▸ **Work instructions**
All pictures must be dropped, while the entries are given again word for word.

▸ **Records to process**
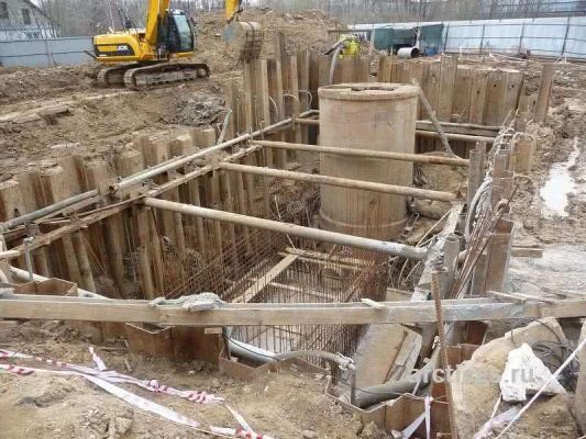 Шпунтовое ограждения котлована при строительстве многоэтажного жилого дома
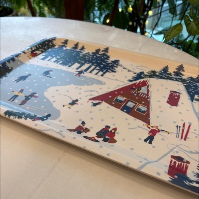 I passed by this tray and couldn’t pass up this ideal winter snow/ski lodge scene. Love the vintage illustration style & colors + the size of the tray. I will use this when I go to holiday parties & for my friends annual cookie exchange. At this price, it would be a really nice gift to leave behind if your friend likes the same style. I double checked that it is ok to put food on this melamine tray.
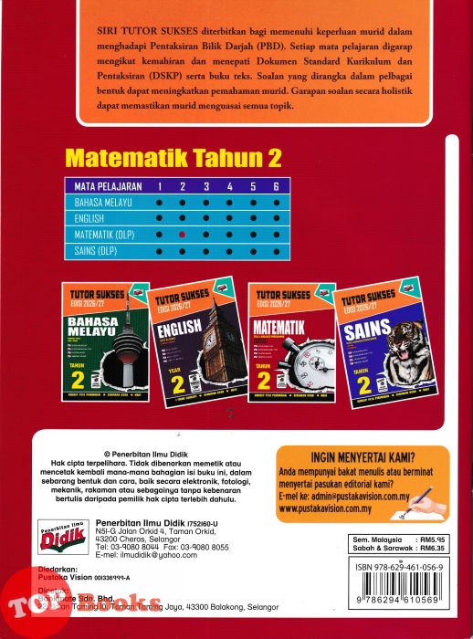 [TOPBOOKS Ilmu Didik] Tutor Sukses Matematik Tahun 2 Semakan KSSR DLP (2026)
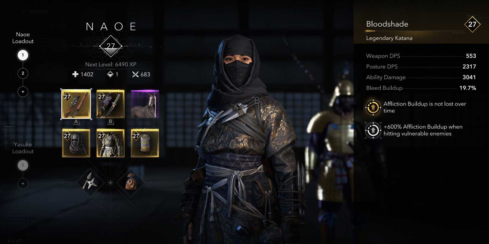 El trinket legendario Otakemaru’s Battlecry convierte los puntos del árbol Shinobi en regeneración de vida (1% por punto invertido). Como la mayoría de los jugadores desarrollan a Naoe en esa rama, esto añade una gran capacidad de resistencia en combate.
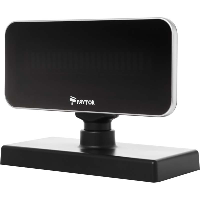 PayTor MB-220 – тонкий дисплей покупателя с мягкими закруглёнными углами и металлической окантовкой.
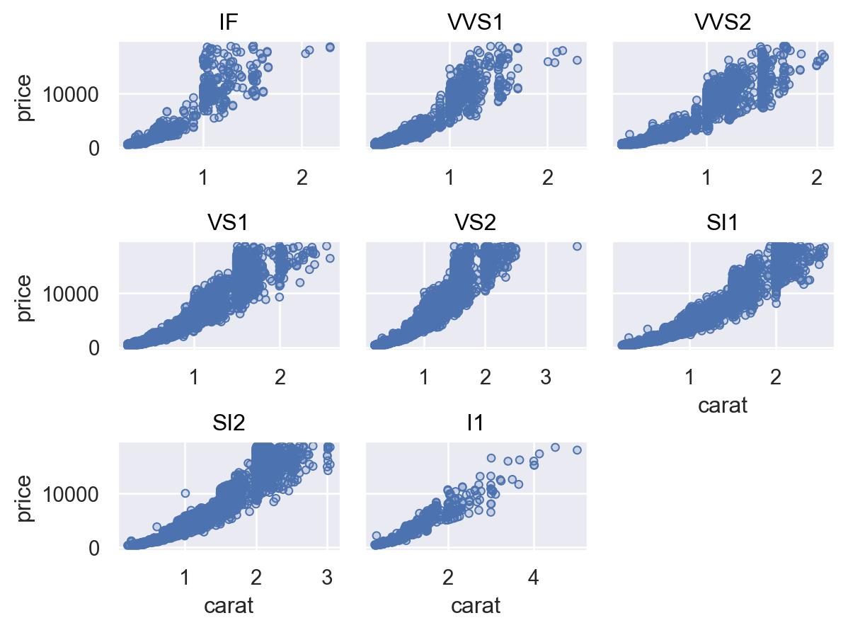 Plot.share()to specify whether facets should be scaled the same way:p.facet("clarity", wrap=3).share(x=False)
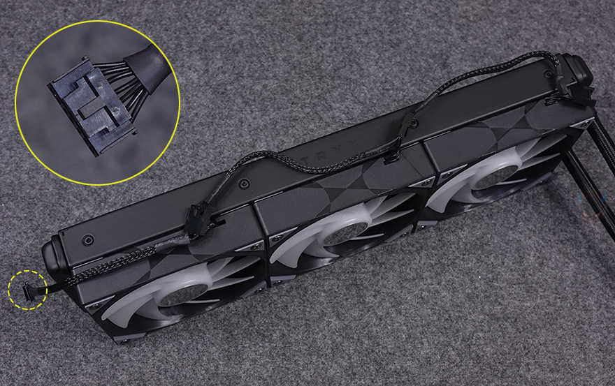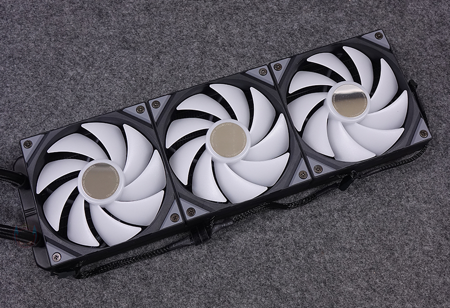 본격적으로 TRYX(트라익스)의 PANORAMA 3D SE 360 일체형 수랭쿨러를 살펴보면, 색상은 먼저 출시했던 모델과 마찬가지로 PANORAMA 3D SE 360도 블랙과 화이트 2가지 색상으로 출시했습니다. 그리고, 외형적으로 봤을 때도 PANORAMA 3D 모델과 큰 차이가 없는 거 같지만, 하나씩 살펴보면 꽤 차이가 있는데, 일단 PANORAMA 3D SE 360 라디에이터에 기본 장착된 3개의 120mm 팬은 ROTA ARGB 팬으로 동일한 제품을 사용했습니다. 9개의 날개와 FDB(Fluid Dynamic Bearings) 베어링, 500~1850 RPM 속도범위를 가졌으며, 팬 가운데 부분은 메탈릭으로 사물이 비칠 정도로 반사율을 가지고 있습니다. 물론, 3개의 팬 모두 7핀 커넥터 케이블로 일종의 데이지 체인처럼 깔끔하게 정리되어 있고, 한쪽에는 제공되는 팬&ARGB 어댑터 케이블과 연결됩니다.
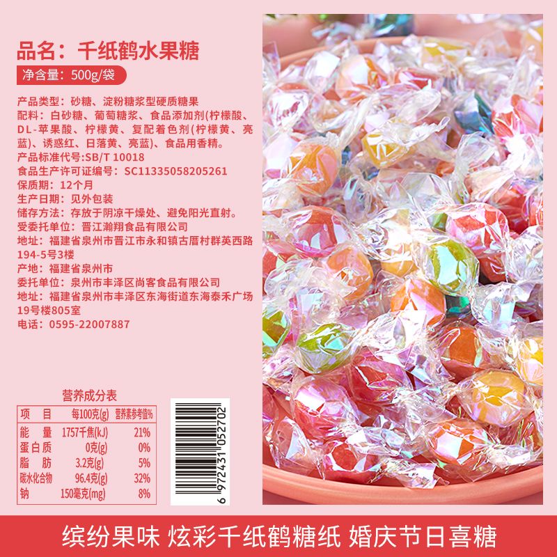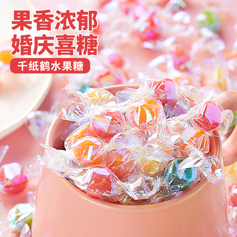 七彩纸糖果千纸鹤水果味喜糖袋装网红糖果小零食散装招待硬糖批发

▸ **Task response**
 Шпунтовое ограждения котлована при строительстве многоэтажного жилого дома
 I passed by this tray and couldn’t pass up this ideal winter snow/ski lodge scene. Love the vintage illustration style & colors + the size of the tray. I will use this when I go to holiday parties & for my friends annual cookie exchange. At this price, it would be a really nice gift to leave behind if your friend likes the same style. I double checked that it is ok to put food on this melamine tray.
 [TOPBOOKS Ilmu Didik] Tutor Sukses Matematik Tahun 2 Semakan KSSR DLP (2026)
 El trinket legendario Otakemaru’s Battlecry convierte los puntos del árbol Shinobi en regeneración de vida (1% por punto invertido). Como la mayoría de los jugadores desarrollan a Naoe en esa rama, esto añade una gran capacidad de resistencia en combate.
 PayTor MB-220 – тонкий дисплей покупателя с мягкими закруглёнными углами и металлической окантовкой.
 Plot.share()to specify whether facets should be scaled the same way:p.facet("clarity", wrap=3).share(x=False)
 본격적으로 TRYX(트라익스)의 PANORAMA 3D SE 360 일체형 수랭쿨러를 살펴보면, 색상은 먼저 출시했던 모델과 마찬가지로 PANORAMA 3D SE 360도 블랙과 화이트 2가지 색상으로 출시했습니다. 그리고, 외형적으로 봤을 때도 PANORAMA 3D 모델과 큰 차이가 없는 거 같지만, 하나씩 살펴보면 꽤 차이가 있는데, 일단 PANORAMA 3D SE 360 라디에이터에 기본 장착된 3개의 120mm 팬은 ROTA ARGB 팬으로 동일한 제품을 사용했습니다. 9개의 날개와 FDB(Fluid Dynamic Bearings) 베어링, 500~1850 RPM 속도범위를 가졌으며, 팬 가운데 부분은 메탈릭으로 사물이 비칠 정도로 반사율을 가지고 있습니다. 물론, 3개의 팬 모두 7핀 커넥터 케이블로 일종의 데이지 체인처럼 깔끔하게 정리되어 있고, 한쪽에는 제공되는 팬&ARGB 어댑터 케이블과 연결됩니다.
 七彩纸糖果千纸鹤水果味喜糖袋装网红糖果小零食散装招待硬糖批发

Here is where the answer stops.